Wednesday, December 23, 2009

David Warren: saving the planet, one cathedral at a time.

Amen to that. This, in my opinion, is the best part, but do read the whole thing.


The creation of new "carbon credit" schemes to reduce "greenhouse gas emissions" was not going to alleviate any of these problems. It was only going to line the pockets of some of the world's most corrupt bureaucrats and businessmen. Their pockets were already well-lined, and if they can't profit from Copenhagen deals, they will find other ways to be paid for useless services, and continue living like Al Gore. We needn't pray for them too earnestly.

But we do need to think about ways to reduce our actual "environmental footprints," strange as this must sound coming from me. We do have major pollution problems, coming out of China and through all the "third world" as massive populations are raised out of abject poverty, wherever old-fashioned capitalism is permitted.

For the most part, even the most primitive of "third world" dictators saw through the Copenhaggling immediately, and joined in only as a way to board the latest gravy train of western guilt money.

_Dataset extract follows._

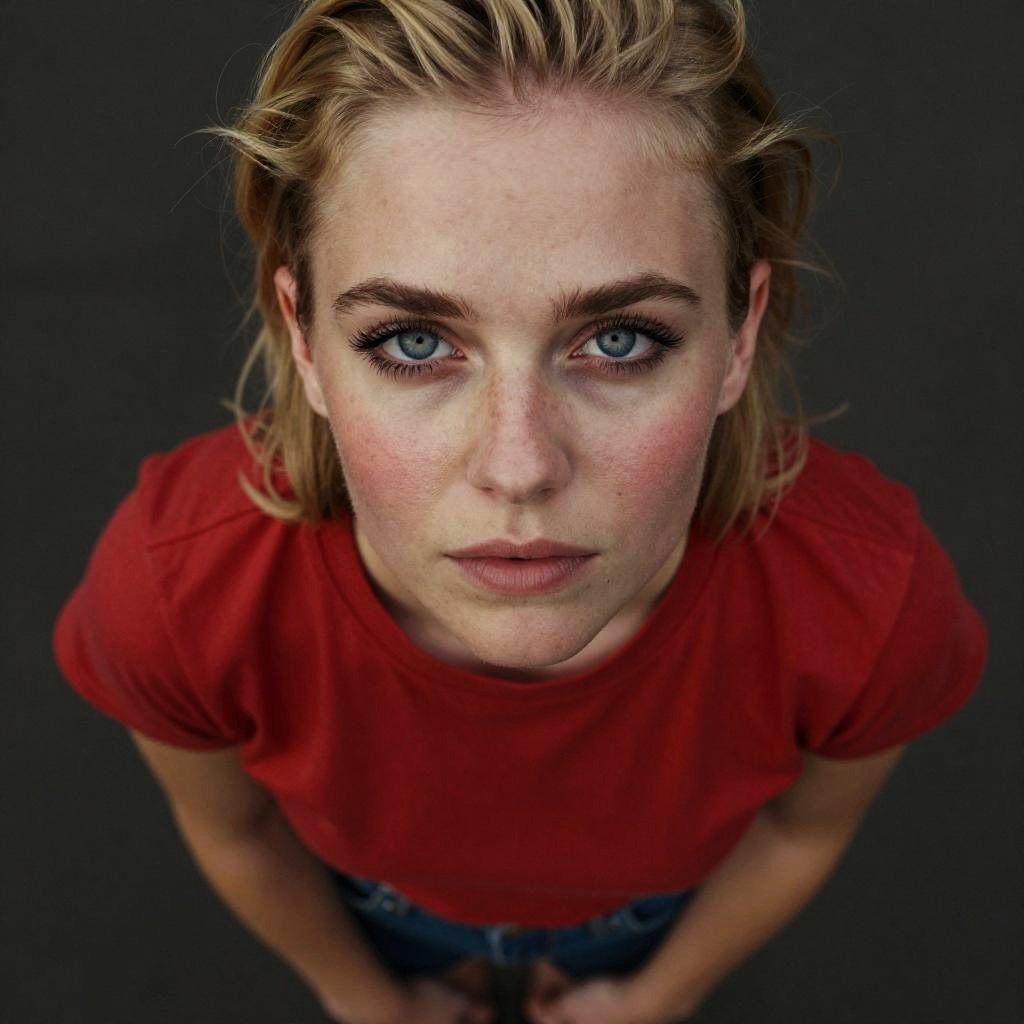 Close-up frontal portrait of a blonde woman with blue eyes wearing a red shirt and cropped pants, taken from a high angle. The image highlights detailed facial features including mascara, light freckles, skin blemishes, moles, textured and slightly shiny skin with visible pores and blush. The background is dark and muted, emphasizing the subject's intense gaze and natural skin details.

This is by now a venerable suckering operation, that began the morning after each backward country became nominally independent. It has kept their politicians rich and their peoples poor.


We can't do anything about that, unless we are prepared to invade and occupy these countries. And given our reluctance to continue even in Afghanistan and Iraq against terrorists, I see no prospect of restoring the old imperialist order.

But we can, in more than principle, move ahead of our imitators again, by setting a better example of how to live, one man and one woman at a time. We could -- I know this sounds a little idealistic, but bear with me -- try to export the best of our old Christian civilization, instead of the worst of our post-Christian one. For my reader may recall that civilization had nothing to do with conspicuous consumption, and put more of its money in cathedrals than into personal and corporate display.



To say this would be "good for the environment" is an understatement: there is so much joyful life we could recover, by simply discarding what is not genuinely useful, and getting on with the root human task of salvation, through the advancement of the good, the beautiful, and the true.